Марш молча кивнула. Тамара смотрела, как она выпускает густое облако серебристого дыма. Она не знала другого помощника, который стал бы курить при несовершеннолетних — это грубое нарушение, за которое помощник удалялся из базы после первой жалобы.
— Ты не боишься, что тебя убьют? — не выдержала Тамара. — Это того не стоит. Ты даже не можешь хотеть курить…
Она осеклась. Зря она это сказала, конечно, зря — разве кому-то понравится быть мертвым? Разве кому-то понравится, что ему напоминают, что он мертвый? Зря она это…
И снова накатила сонливость — услужливая, мягкая сонливость, в которой Тамара ни за что не скажет глупость, никого не обидит, а чем больше она будет спать — тем быстрее пролетит время. И папа ее заберет.
— Не спать!
Марш хлопнула в ладоши. Тамара видела, как она это сделала. И слышала — но только в наушнике.
Тамара сделала глубокий вдох, а потом хлопнула в ладоши. Словно раздавила между ладоней желанный, но запрещенный сон. Вернула звук, который она могла издать только через динамик, и который обязательно раздался бы во всей комнате, если бы Марш была живой.
Юханна что-то пробормотала, но не проснулась.
— Не надо, — мрачно сказала Марш. — Я сама могу.
— Не можешь, — упрямо прошептала Тамара.
Динамики зашипели, а потом нестройная дрожь белого шума рассыпалась скрипичной партией — всего за пару секунд.
— Я могу гораздо больше, — в темноте блеснули красные глаза, — чем когда была жива. Я тогда вообще нихрена не могла.
— А вывести меня отсюда можешь? — спросила Тамара, замерев. И вдохнуть боялась — чтобы не спугнуть промелькнувший азарт в ее взгляде.

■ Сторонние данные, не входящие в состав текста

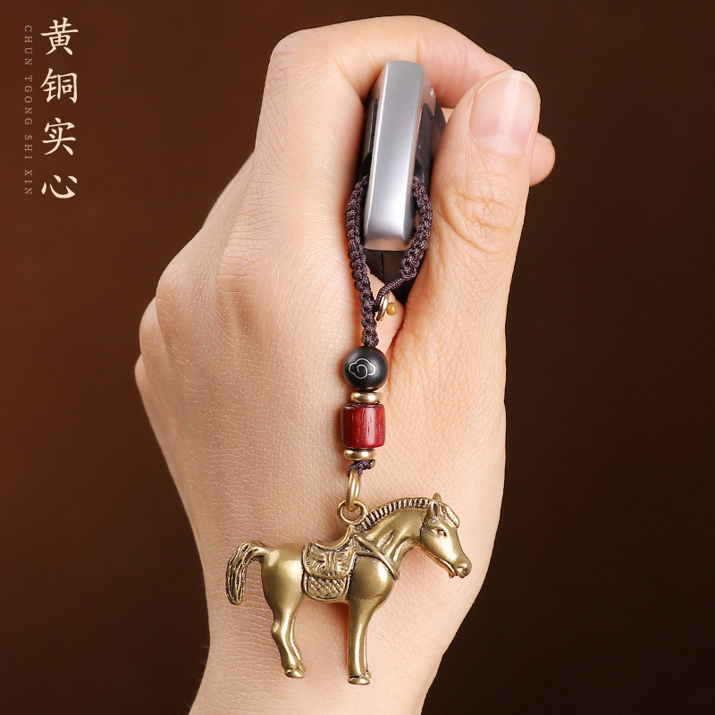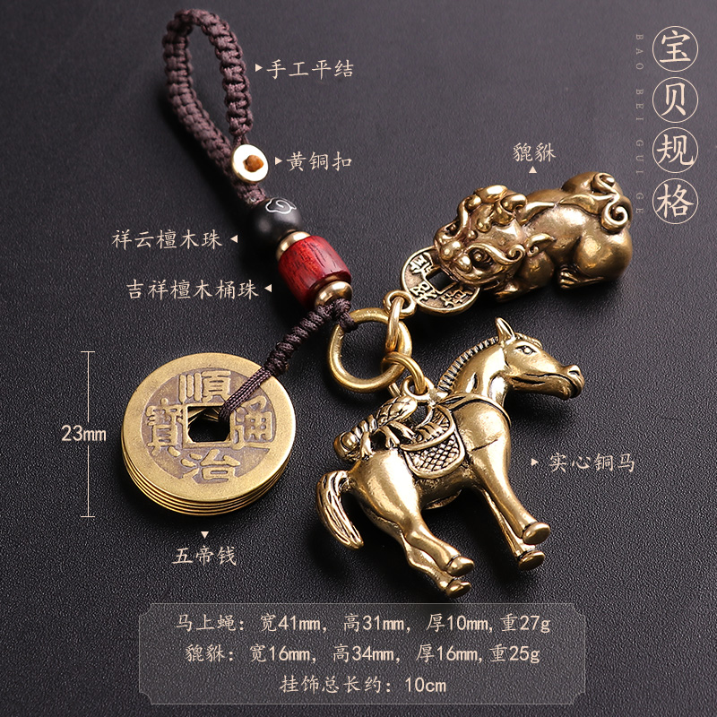 纯黄铜《马上赢钱》钥匙扣挂饰
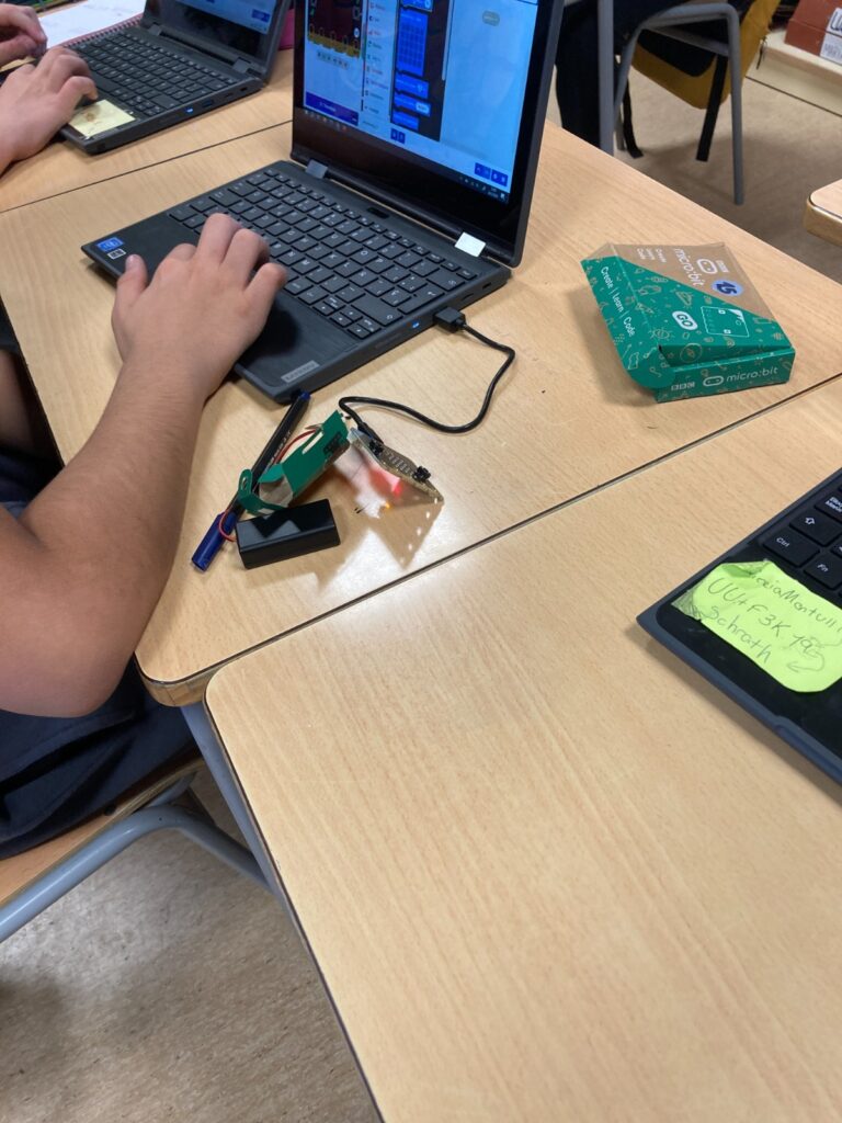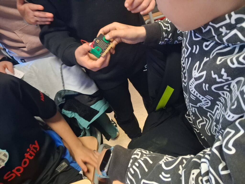 A les últimes setmanes hem programat la Micro: bit perquè sigui un podòmetre (és un objecte que ens compta les passes). Amb això vam anar des de la font del pati fins a la tanca de la sortida, per comprovar si les mides del Google coincidien amb la realitat. I així era!! Així vam poder calcular a quina distància vivíem de l’escola però en línia recta.
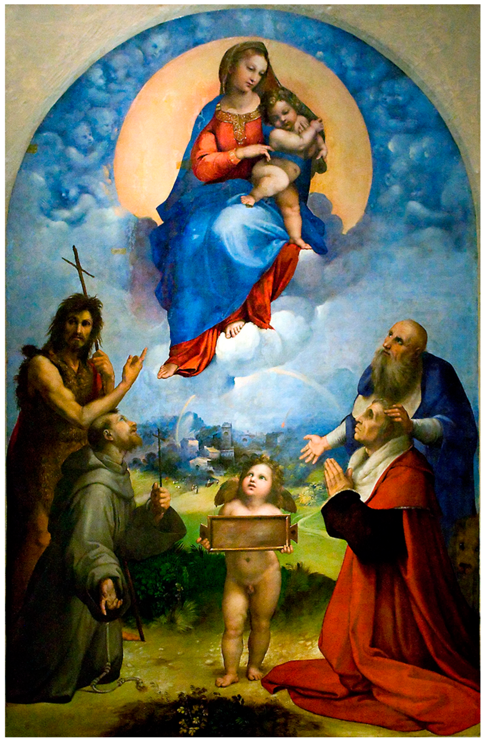 Yet the constructive system of the Madonna di Foligno remains discontinuous. The composition in depth breaks into layers that do not interlock: the lower group functions as a separate register rather than a structural continuation of the upper one. The Virgin appears oversized in relation to the excessively distant landscape and remains visually foreign to the cloud mass surrounding her, as the circular mandorla forms a rigid halo that neither supports nor integrates with the surrounding atmosphere. Spatial depth collapses between mismatched planes: the putti and the forward edge of the donors are pushed so far toward the viewer that the divine apparition occurs behind them, leaving their reactions compositionally unanchored; the figures of the second tier are placed too close to the Virgin, producing an effect of visual flattening, even though their gestures are directed toward an event conceived as distant and elevated. Illumination likewise fails to unify the scene: a rightward light source brightens the far landscape more strongly than the donors in front of it, inverting atmospheric logic. As a result, the vertical axis relies on compensatory devices—the putti, the small dark pool below, and the strongly whitened knee of the Virgin, which acts as an additional luminous support, pushing the viewer’s gaze upward and preventing it from sinking into the void between the tiers. The work thus captures a transitional stage in which constructive principles are tested in isolated components but not yet fused into a coherent architectural whole, as they will be in the Sistine Madonna.
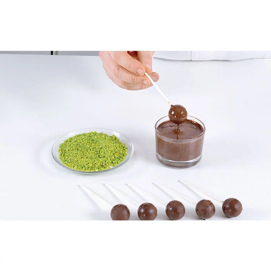 A SilikoMart átlátszó szilikon forma ideális választás nyalókák és pálcikás édességek készítéséhez, amikor a pontos kivitelezés és az esztétikus végeredmény kiemelten fontos. Az átlátszó kialakítás lehetővé teszi a töltési folyamat és a dekoráció folyamatos ellenőrzését, így a formák egyenletesek és precízek lesznek.
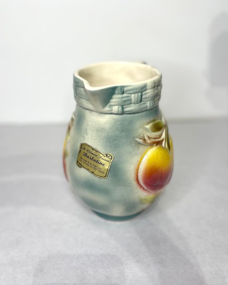 Cruche à décor de Poires. Barbotine de la manufacture de St Clément signée et numérotée 7454.
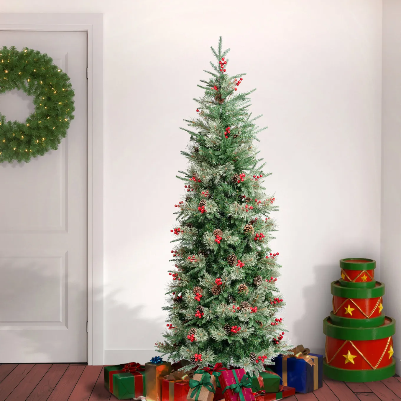 The Virginia Pine tree features Feel Real branch tip technology, creating a tree with remarkable realism. These crush-resistant branch tips are molded from real tree branches for an authentic living tree appearance. This slim silhouette tree is perfect for rooms with limited space. Branches are a mixture of evergreen and bristle tips that are trimmed with red berries and pinecones. Crafted with high quality materials and hinged branches for easy set up and includes a sturdy metal folding stand. For indoor display only.

— Нет, — мрачно ответила Марш. Наверное, азарт все же померещился. — Не могу и не стану. Тебе надо дождаться, когда твоему отцу повысят рейтинг.
— Как ему повысят рейтинг, если у него из семьи только я осталась, а я сижу здесь? — зло выплюнула Тамара. — Что за правила такие?!
— Это очень хорошие правила, — вдруг улыбнулась Марш. — Все, что нельзя измерить и задокументировать — субъективно. И если бы не рейтинг — тебе осталось бы надеяться, что какая-нибудь сраная комиссия решит, что Клавдий — хороший отец. Что им понравится его лицо, его дом, его работа и уровень дохода. Но ему нужно только показать цифры.
— И где он их возьмет?
— Тебе какая разница? Или думаешь, он тебя бросит?
Тамара задумалась. Даже сонливость куда-то отступила.
Нет, она не думала. Просто боялась, навязчиво и безотчетно — что папа не найдет способ повысить рейтинг. Что у него не хватит сил — Тамара помнила, как пришло сообщение о смерти мамы. Она тогда как раз гостила у отца. Он скомандовал Дафне выключить свет во всем доме и несколько минут сидел на диване в гостиной, уставившись в погасший экран. Тогда Тамаре показалось, что так и должно быть — что-то было такое в его лице и этой тихой домашней темноте, что других доказательств скорби и не требовалось. Но сейчас она вспоминала об этом и думала, что лицо у него стало совсем пустое. И что он, пожалуй, так до сих пор и сидел бы на том диване, если бы не… если бы не что?
И Тамара помнила, как папа каждый раз терялся, когда она не находила сил с ним заговорить. А она не могла себя заставить. Если бы заговорила раньше — потеряла бы над собой контроль. Показала бы, как ей плохо, а ведь папа ничего, совсем ничего не мог сделать, чтобы ее вытащить. Ей хотелось верить Марш, но она представляла, как папа останется один в темной квартире со своим бессилием.
А здорово он ей улыбнулся, когда она заговорила. Наверное, у них правда все сложится хорошо.
Юханна что-то пробормотала и перевернулась на спину. Свесила с кровати безвольную белую руку, коснувшись кончиками пальцев темного пола.
И почему-то стало тревожно, тоскливо и муторно. Не из-за руки, конечно.
… У папы такое лицо было, тогда, в темноте. Тамара даже успела испугаться — сначала на нем отразилась ее собственная растерянность, а потом что-то совсем другое. Тамара никогда не видела у папы такого лица. Но он смотрел в погасший экран, и она совсем не чувствовала угрозы. Вообще ничего не чувствовала, потому что пыталась понять, что мама умерла.